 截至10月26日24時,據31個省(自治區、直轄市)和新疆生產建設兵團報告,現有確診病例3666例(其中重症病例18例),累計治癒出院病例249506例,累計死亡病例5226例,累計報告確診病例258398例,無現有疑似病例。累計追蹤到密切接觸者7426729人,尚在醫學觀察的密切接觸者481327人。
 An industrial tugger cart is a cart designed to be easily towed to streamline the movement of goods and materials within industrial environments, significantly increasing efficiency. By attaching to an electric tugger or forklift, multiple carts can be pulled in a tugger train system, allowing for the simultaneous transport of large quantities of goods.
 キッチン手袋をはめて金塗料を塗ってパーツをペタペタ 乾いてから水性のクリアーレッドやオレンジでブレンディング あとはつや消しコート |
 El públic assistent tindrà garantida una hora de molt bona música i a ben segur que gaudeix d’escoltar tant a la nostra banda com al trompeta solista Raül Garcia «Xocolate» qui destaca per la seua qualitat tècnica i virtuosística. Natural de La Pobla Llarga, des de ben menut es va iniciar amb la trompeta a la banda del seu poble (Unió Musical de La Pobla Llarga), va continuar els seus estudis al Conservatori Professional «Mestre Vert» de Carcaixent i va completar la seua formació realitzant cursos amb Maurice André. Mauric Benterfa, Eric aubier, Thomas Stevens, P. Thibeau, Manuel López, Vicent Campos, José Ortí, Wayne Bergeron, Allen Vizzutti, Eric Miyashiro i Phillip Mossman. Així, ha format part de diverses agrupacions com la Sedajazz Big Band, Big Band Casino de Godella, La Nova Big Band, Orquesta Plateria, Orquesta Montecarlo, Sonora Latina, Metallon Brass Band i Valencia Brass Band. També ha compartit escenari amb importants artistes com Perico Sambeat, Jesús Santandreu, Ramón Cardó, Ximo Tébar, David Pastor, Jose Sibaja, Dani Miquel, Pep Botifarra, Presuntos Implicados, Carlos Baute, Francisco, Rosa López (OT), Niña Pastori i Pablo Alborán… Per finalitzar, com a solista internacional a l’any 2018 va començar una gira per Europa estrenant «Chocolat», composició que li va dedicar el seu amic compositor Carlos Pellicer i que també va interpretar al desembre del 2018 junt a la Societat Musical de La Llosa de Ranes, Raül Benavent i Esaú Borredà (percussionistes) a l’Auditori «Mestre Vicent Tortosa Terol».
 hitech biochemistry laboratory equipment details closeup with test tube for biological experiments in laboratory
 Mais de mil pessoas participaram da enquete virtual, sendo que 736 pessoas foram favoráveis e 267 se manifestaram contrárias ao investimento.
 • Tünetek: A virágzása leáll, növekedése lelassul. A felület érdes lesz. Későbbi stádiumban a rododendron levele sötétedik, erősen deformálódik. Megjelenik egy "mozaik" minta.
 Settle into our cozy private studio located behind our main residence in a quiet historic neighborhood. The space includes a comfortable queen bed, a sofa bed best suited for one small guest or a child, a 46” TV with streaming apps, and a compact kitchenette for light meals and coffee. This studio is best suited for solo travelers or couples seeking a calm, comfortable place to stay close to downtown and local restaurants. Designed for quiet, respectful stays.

» **TASK INSTRUCTIONS**
Restate each of the records exactly, leaving nothing out.

» **SOLVED PROBLEM**
 截至10月26日24時,據31個省(自治區、直轄市)和新疆生產建設兵團報告,現有確診病例3666例(其中重症病例18例),累計治癒出院病例249506例,累計死亡病例5226例,累計報告確診病例258398例,無現有疑似病例。累計追蹤到密切接觸者7426729人,尚在醫學觀察的密切接觸者481327人。
 An industrial tugger cart is a cart designed to be easily towed to streamline the movement of goods and materials within industrial environments, significantly increasing efficiency. By attaching to an electric tugger or forklift, multiple carts can be pulled in a tugger train system, allowing for the simultaneous transport of large quantities of goods.
 キッチン手袋をはめて金塗料を塗ってパーツをペタペタ 乾いてから水性のクリアーレッドやオレンジでブレンディング あとはつや消しコート |
 El públic assistent tindrà garantida una hora de molt bona música i a ben segur que gaudeix d’escoltar tant a la nostra banda com al trompeta solista Raül Garcia «Xocolate» qui destaca per la seua qualitat tècnica i virtuosística. Natural de La Pobla Llarga, des de ben menut es va iniciar amb la trompeta a la banda del seu poble (Unió Musical de La Pobla Llarga), va continuar els seus estudis al Conservatori Professional «Mestre Vert» de Carcaixent i va completar la seua formació realitzant cursos amb Maurice André. Mauric Benterfa, Eric aubier, Thomas Stevens, P. Thibeau, Manuel López, Vicent Campos, José Ortí, Wayne Bergeron, Allen Vizzutti, Eric Miyashiro i Phillip Mossman. Així, ha format part de diverses agrupacions com la Sedajazz Big Band, Big Band Casino de Godella, La Nova Big Band, Orquesta Plateria, Orquesta Montecarlo, Sonora Latina, Metallon Brass Band i Valencia Brass Band. També ha compartit escenari amb importants artistes com Perico Sambeat, Jesús Santandreu, Ramón Cardó, Ximo Tébar, David Pastor, Jose Sibaja, Dani Miquel, Pep Botifarra, Presuntos Implicados, Carlos Baute, Francisco, Rosa López (OT), Niña Pastori i Pablo Alborán… Per finalitzar, com a solista internacional a l’any 2018 va començar una gira per Europa estrenant «Chocolat», composició que li va dedicar el seu amic compositor Carlos Pellicer i que també va interpretar al desembre del 2018 junt a la Societat Musical de La Llosa de Ranes, Raül Benavent i Esaú Borredà (percussionistes) a l’Auditori «Mestre Vicent Tortosa Terol».
 hitech biochemistry laboratory equipment details closeup with test tube for biological experiments in laboratory
 Mais de mil pessoas participaram da enquete virtual, sendo que 736 pessoas foram favoráveis e 267 se manifestaram contrárias ao investimento.
 • Tünetek: A virágzása leáll, növekedése lelassul. A felület érdes lesz. Későbbi stádiumban a rododendron levele sötétedik, erősen deformálódik. Megjelenik egy "mozaik" minta.
 Settle into our cozy private studio located behind our main residence in a quiet historic neighborhood. The space includes a comfortable queen bed, a sofa bed best suited for one small guest or a child, a 46” TV with streaming apps, and a compact kitchenette for light meals and coffee. This studio is best suited for solo travelers or couples seeking a calm, comfortable place to stay close to downtown and local restaurants. Designed for quiet, respectful stays.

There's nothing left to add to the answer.